There are some problem spots. One is limiting deep shots, something Brady has unleashed with startling efficiency. He’s 19-for47 for 410 yards and four touchdowns on passes of 20-plus yards, with speedsters Brandin Cooks and Phillip Dorsett able to haul them in. The Raiders have proven vulnerable to track-star receivers.
Impacting Brady is mandatory, but also difficult given his excellent pocket presence. He’s especially good at feeling pressure off the edge, where reigning defensive player of the year Khalil Mack typically lines up opposite Bruce Irvin.
Brady has proven vulnerable to interior pressure, which is why Mario Edwards Jr. will be an X-factor on passing downs. He has four sacks this season and needs to break free in the backfield to force difficult decisions or, at the very lest, disrupt New England’s timing.
Brady gets rid of the ball fast at times. Raiders rushers can’t get frustrated by that, especially Mack.
“If the quarterback is going to throw the ball in less than two seconds, it’s going to be tough to get there,” head coach Jack Del Rio said. “So when the quarterback is throwing the ball quick like that, we’ve got to tackle and have their punt team come out. They’ll get tired of punting or turning the ball over and they’ll sit and hold the ball a little bit and Khalil can get there. If they’re throwing the ball in two seconds or less, it’s going to be hard to get sacks.”
The Raiders only have 13 sacks this season, second worst in the NFL. Getting a few could swing a tight game. Norton’s Raiders believe they have a solid plan to mitigate somewhat the Patriots ferocious attack, that features versatile tight ends allowing them to do different things from one personnel package.
Don’t expect a shutout, or anything close. The Raiders understand that, but believe they can mitigate some damage.

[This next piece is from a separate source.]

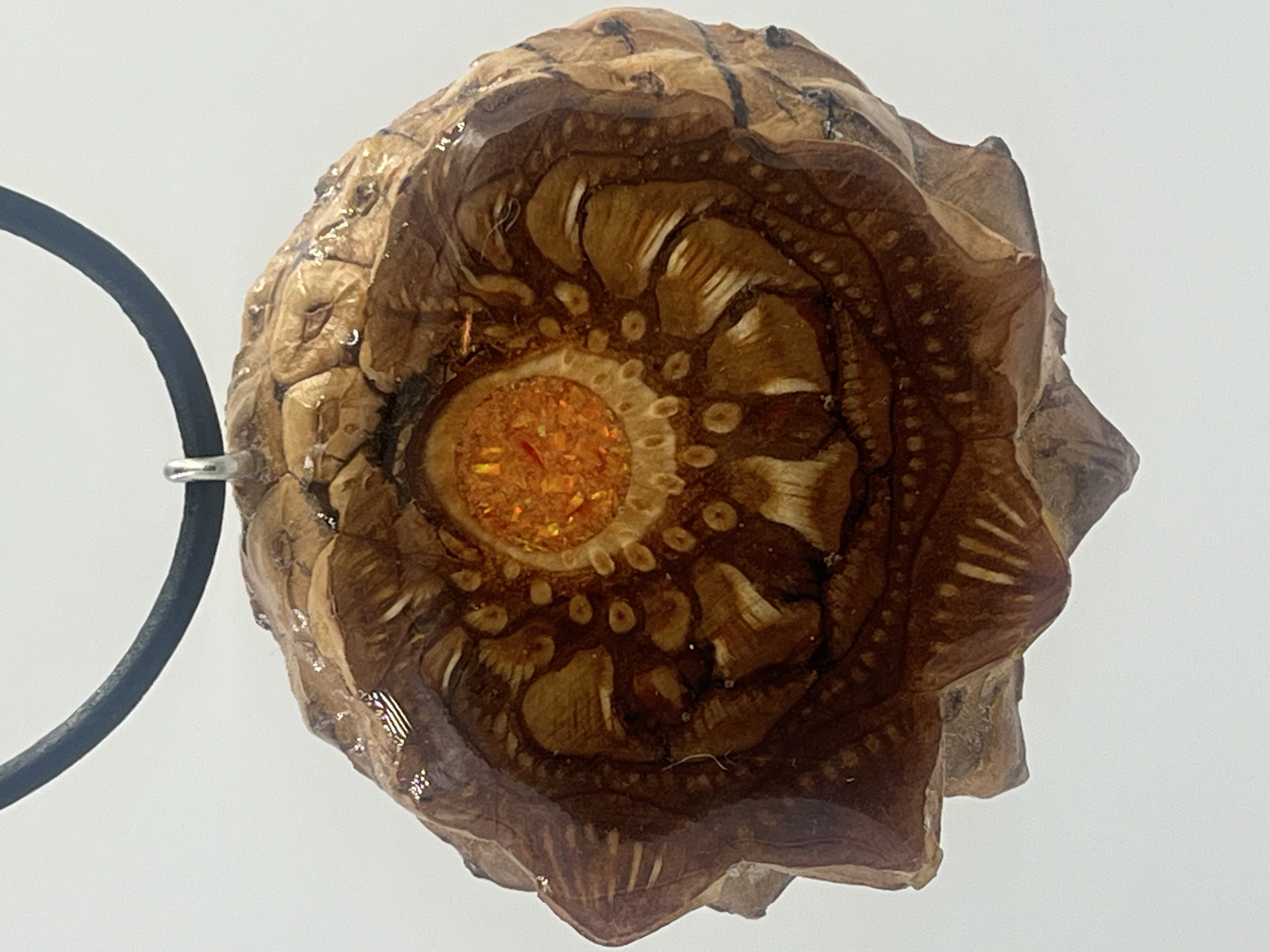 Our pendants are made from the Mount Shasta knobcone pinecones. Also known as third eye pinecones. Our pinecone pendants are hand-crafted from the center of the world’s densest pinecones. With meticulous attention to detail, we hand select each pinecone ensuring that every creation is infused with the spirit of the outdoors. Our pinecone pendants are sealed in resin to highlight and protect the organic fractal beauty.

“If you go back to the New England Patriots five, six, eight years ago they’re doing similar things,” Norton said. “They do what they do really well. They’re a fine-tuned machine. Everybody knows exactly what their role is. Guys know exactly what’s expected of them. Obviously the quarterback is the heart and soul and the one that makes that train run. Really, really good players that really understand what their role is and play well against leverage, run after catch, tough and they make plays.”